Does someone know if it's possible to dynamically switch superclass, or
change the ancestor chain on an already existing class?

Sure.

class Animal
  def greet
    puts "Hi, I'm an Animal."
  end
end

class Dog < Animal
end

Dog.new.greet

--output:--
Hi, I'm an Animal.

module Stuff
  def greet
    puts 'Hello there.'
  end
end

new_superclass = Stuff
Dog.class_eval("include #{new_superclass}")
Dog.new.greet

--output:--
Hello there.

···

--
Posted via http://www.ruby-forum.com/\.

Hi,

I really appreciate that you want to save me from myself... :slight_smile:

But in Ruby it is possible to call private methods, you can change
the values of constants, you can read and write instance variables
form outside of an object.

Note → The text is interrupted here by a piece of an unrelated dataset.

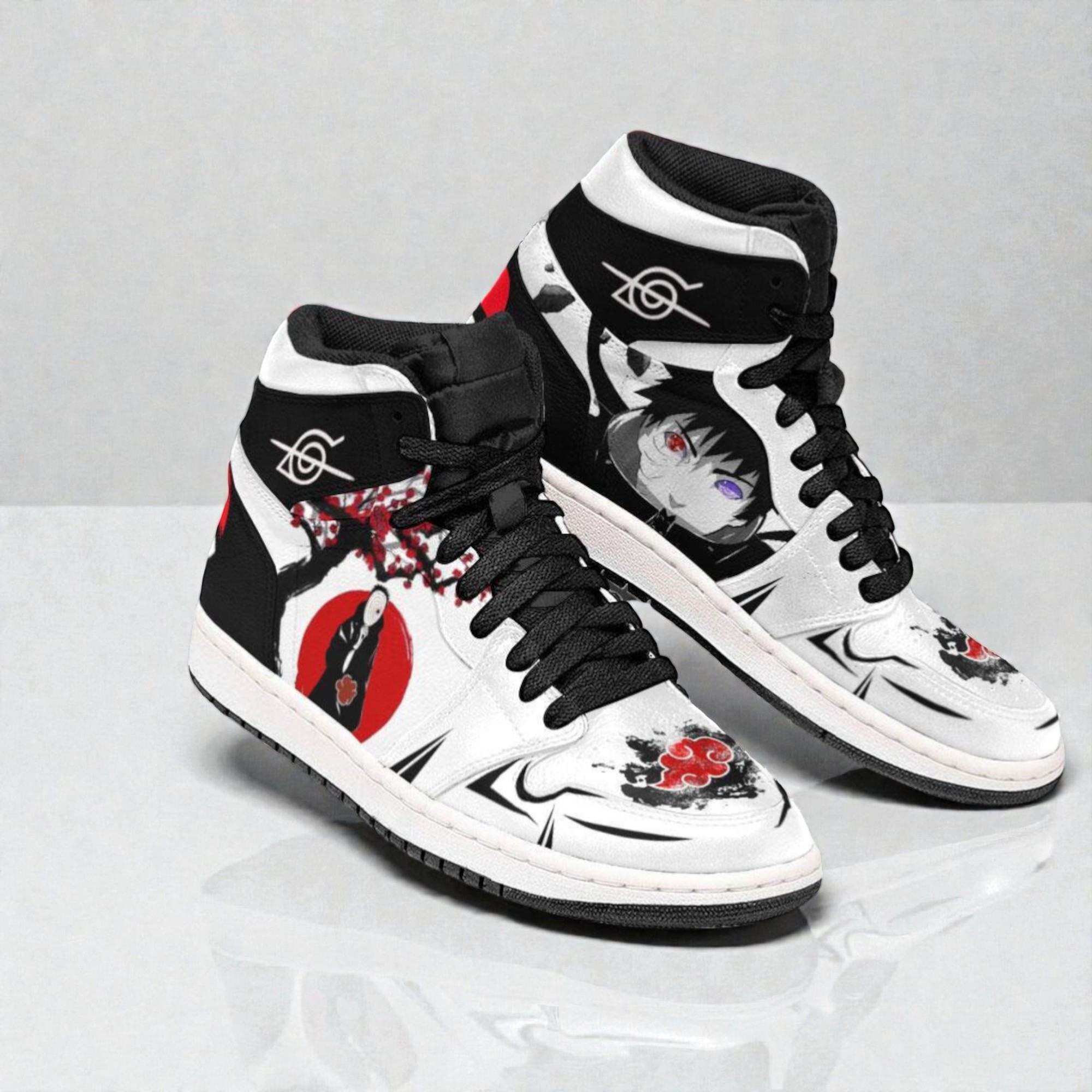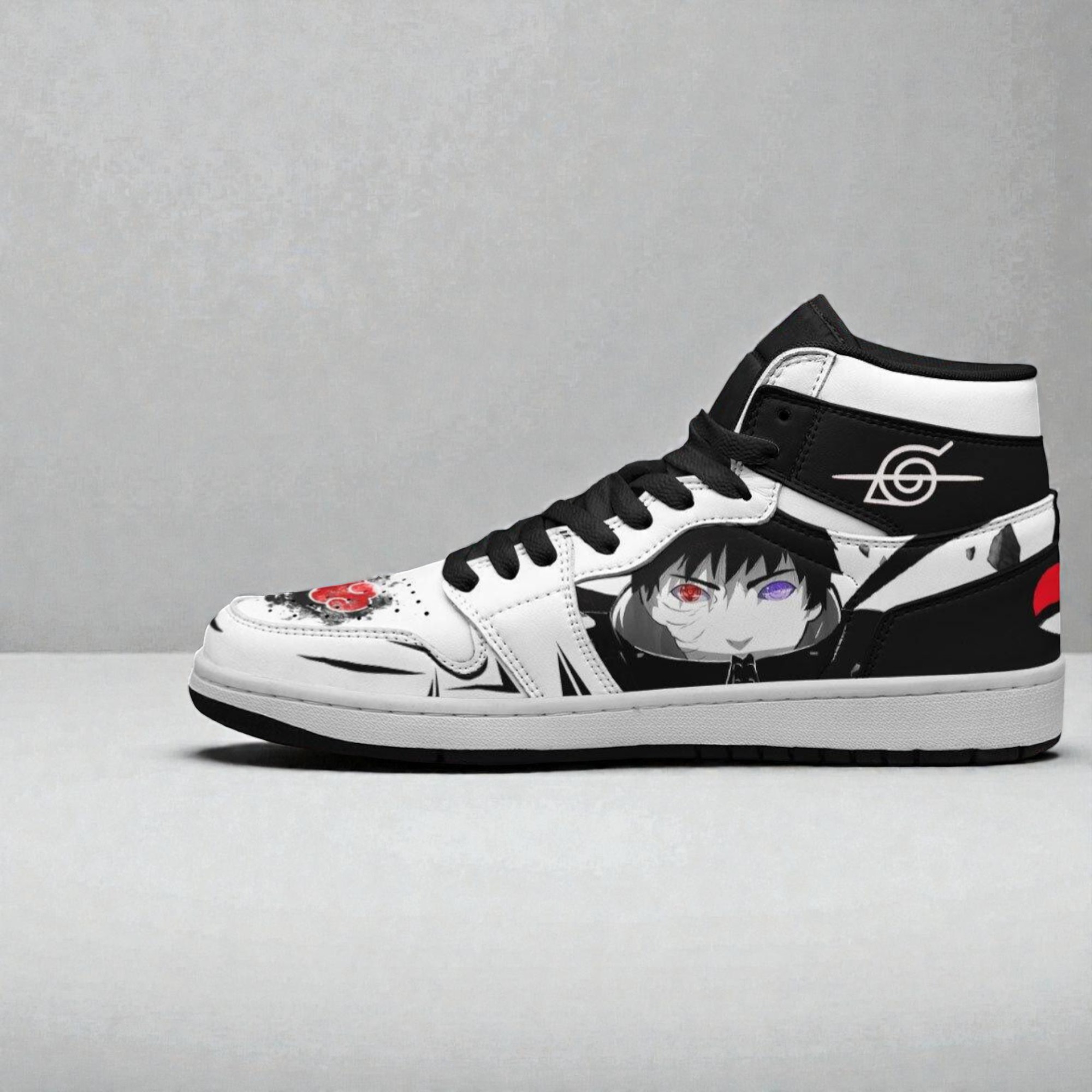There’s a certain magnetism in wearing symbols that echo the darker, more complex figures of your favorite stories—like the mysterious energy Obito Uchiha carries in Naruto. These shoes capture that essence with sharp contrasts of black and white panels that feel almost like shadows playing over them. The front is punctuated by a red rose, a reminder of hidden layers beneath the surface chaos, while the ankle strap proudly displays an emblem that calls out to anyone familiar with the Uchiha legacy. The character’s illustrated face asserts itself with chilling red and purple eyes, demanding attention without saying a word. For those who dive deep into anime culture, these sneakers aren’t just footwear; they’re a statement. They strike a bold, graphic note that feels equal parts rebellious and dynamic—perfect for days when you want your style to speak for your fandom without needing explanation. Whether slipping them on for casual downtown walks, heading out to a convention, or pulling together an edgy cosplay look, they blend seamlessly into the rhythm of everyday life with a unique flair. They also make a thoughtful gesture for anyone who treasures Naruto’s layered characters and the world they inhabit—a gift that acknowledges passion without veering into cliché. Even beyond fans, sneaker collectors who appreciate distinctive, story-driven designs will find something compelling here: a fusion of culture, art, and attitude all tied up in a pair of shoes named after one of anime’s most enigmatic figures.

You can inherit from standard classes,
what's more, you can reopen them and add/change/undef methods.
These (and many more) seem to be very bad ideas too. I'm just
curious why I can't change a classes superclass while I can do
all the other magic.

u.

···

On Sun, Dec 2, 2012 at 11:20 PM, Bartosz Dziewoński <matma.rex@gmail.com>wrote:

Use modules.

Or just don't do that, as it seems like a very bad idea.

-- Matma Rex

Hi,

What you do here is inserting a new Module into the ancestors chain.
(The superclass of class Dog doesn't change, it's still Animal.) If you
could do the same with a Stuff class (not module), that would be the
right answer to my stupid question.

u.

···

On Mon, Dec 3, 2012 at 3:43 AM, 7stud -- <lists@ruby-forum.com> wrote:

class Animal
  def greet
    puts "Hi, I'm an Animal."
  end
end

class Dog < Animal
end

Dog.new.greet

module Stuff
  def greet
    puts 'Hello there.'
  end
end

new_superclass = Stuff
Dog.class_eval("include #{new_superclass}")
Dog.new.greet

Nokan Emiro wrote in post #1087612:

Hi,

What you do here is inserting a new Module into the ancestors chain.
(The superclass of class Dog doesn't change, it's still Animal.)

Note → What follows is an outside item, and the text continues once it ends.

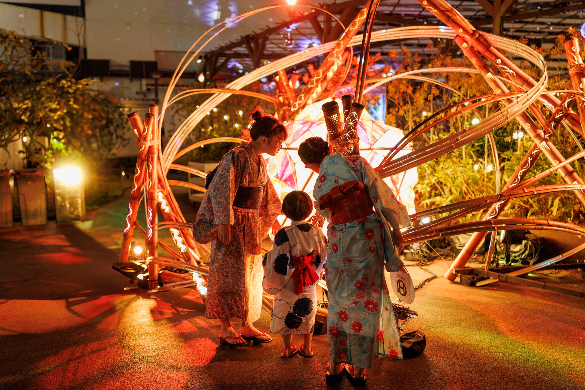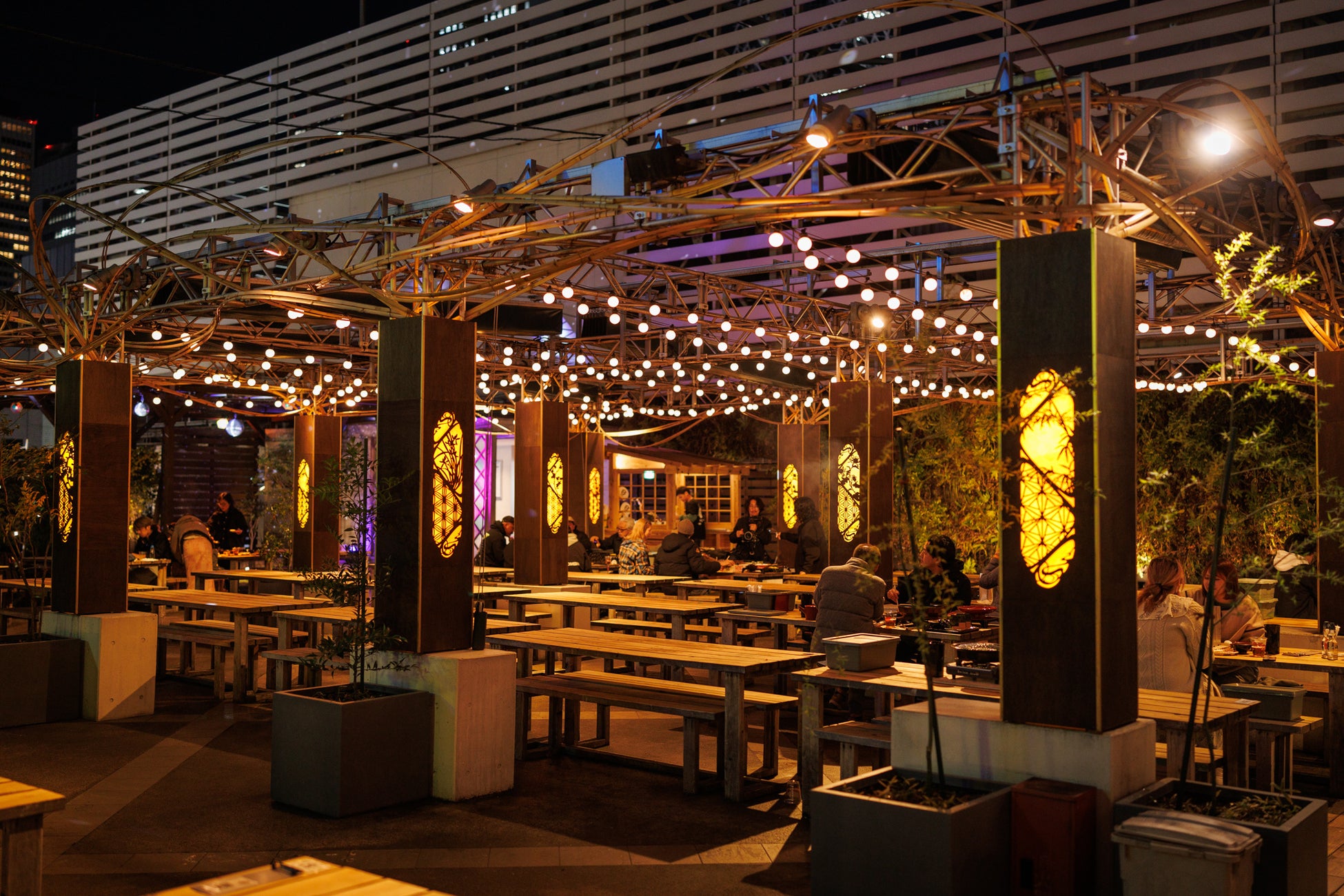 巨大な光のオブジェやフォトブース、料理は日本の様々な都市や郷土料理からインスパイアされたBBQメニューと共に世界のビールを飲み放題でお楽しみいただけるビアガーデンです。

If Animal is the superclass of Dog, then why doesn't Animal's greet()
method execute?

···

--
Posted via http://www.ruby-forum.com/\.

7stud -- wrote in post #1087690:

···

Nokan Emiro wrote in post #1087612:

Hi,

What you do here is inserting a new Module into the ancestors chain.
(The superclass of class Dog doesn't change, it's still Animal.)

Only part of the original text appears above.